Chelmsford Volunteers logoA project we've been kicking around at my library for a long time is creating some kind of town-wide centralized volunteer listing. The library is a natural place for such a resource, but it's a big project.

To fill this need, we just launched ChelmsfordVolunteers.org. The end product was not really the goal we set out with - and I don't think it's the last version of the resource, either.

Originally, we wanted a tool that would list groups in the area that need volunteers, and also a calendar of upcoming events with volunteer opportunities. We also wanted the local organizations to be able to update their listing and event information themselves, without any library staff intervention.

As part of a grant, a local high school student explored a few different software options.

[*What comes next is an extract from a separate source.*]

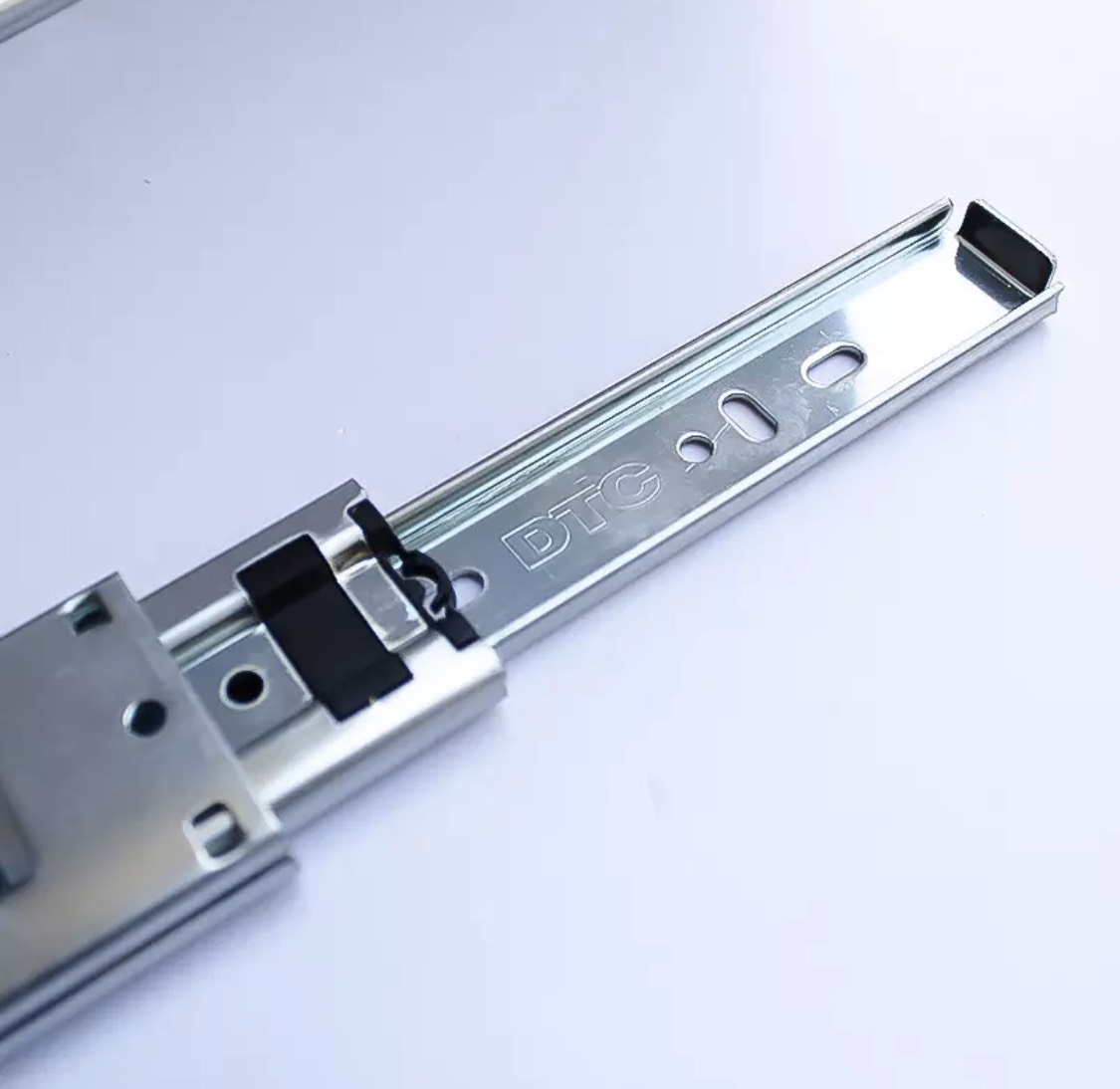 - Ray trượt bi DTC 3 tầng giảm chấn giúp cho tủ bếp thêm bền bỉ hơn bởi chúng không va chạm mạnh trong quá trình đóng mở. Hơn nữa, cũng an toàn đối với những gia đình có trẻ nhỏ.

We started with a WordPress version, then a Drupal version, then a WebCalendar version, but we kept running into the same problem: the tool did either the database part well, or the events calendar part well, but not both. Each solution also had other pros and cons, which is why we kept looking at different options.

The current iteration of volunteer listing actually uses two existing tools, which are combined under one domain name (chelmsfordvolunteers.org). From a single web page, we link to each tool, but tried to make it look like it was all integrated together.

The two tools are the Community Information database, which is run by the consortium and is (supposed to) list all non-profit groups in all communities of the consortium. I edited the records of the Chelmsford organizations to make sure they all had a reference to "volunteers," and these records provide all the contact information for the groups.

The other tool is the Calcium Calendar from Brown Bear. The library has been using this as our main events calendar for years, so it was easy to set up another one just for volunteer events.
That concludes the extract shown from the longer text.